** Opening Data segment block **

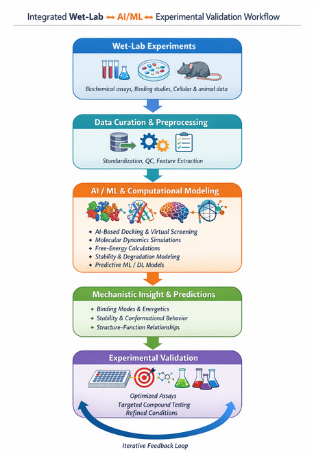 Integrated computational–experimental workflow employed by AlamoMedAI. Experimental data generated in wet-lab systems are curated and analyzed using AI/ML-enabled modeling, molecular dynamics, and free-energy calculations. Computational predictions inform mechanistic interpretation and guide iterative experimental validation, enabling data-driven decision-making and reduced technical risk.
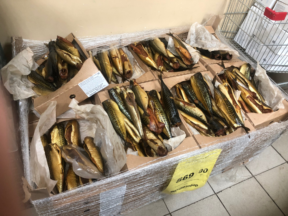 Сегодня в холодильнике увидела копченую скумбрию без головы. Аромат стоял великолепный. Не удержалась - купила. Оказалась очень даже вкусная и свежая. Цена за кг 569 рублей.
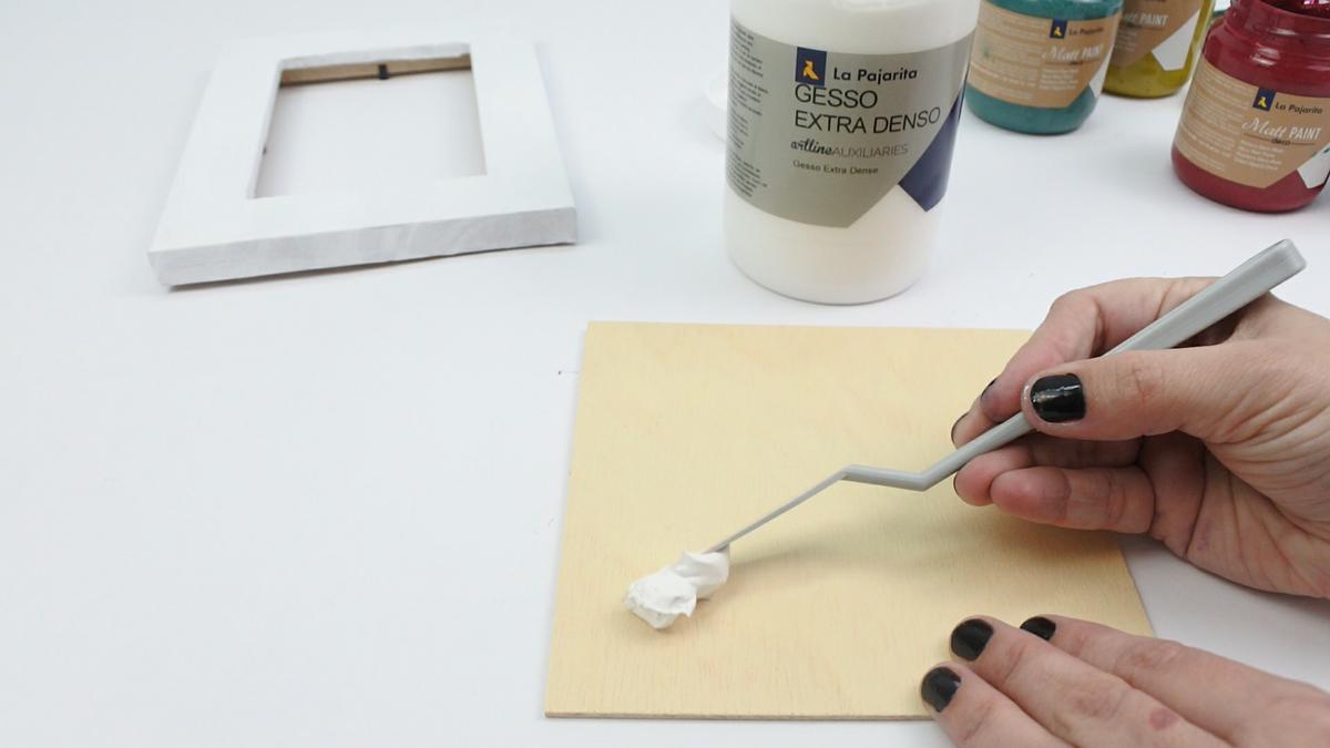 Efectivamente, la base de nuestra pasta 3D es gesso extradenso también de Pinturas La Pajarita. Nos da el acabado de la pasta 3D y lo bueno es que lo podemos mezclar con cualquier pintura al agua para darle el color que deseemos.

** Closing Data segment block **

● What you should do: Apart from the images, every line above is to be given again exactly.

● Exercise response:
 Integrated computational–experimental workflow employed by AlamoMedAI. Experimental data generated in wet-lab systems are curated and analyzed using AI/ML-enabled modeling, molecular dynamics, and free-energy calculations. Computational predictions inform mechanistic interpretation and guide iterative experimental validation, enabling data-driven decision-making and reduced technical risk.
 Сегодня в холодильнике увидела копченую скумбрию без головы. Аромат стоял великолепный. Не удержалась - купила. Оказалась очень даже вкусная и свежая. Цена за кг 569 рублей.
 Efectivamente, la base de nuestra pasta 3D es gesso extradenso también de Pinturas La Pajarita. Nos da el acabado de la pasta 3D y lo bueno es que lo podemos mezclar con cualquier pintura al agua para darle el color que deseemos.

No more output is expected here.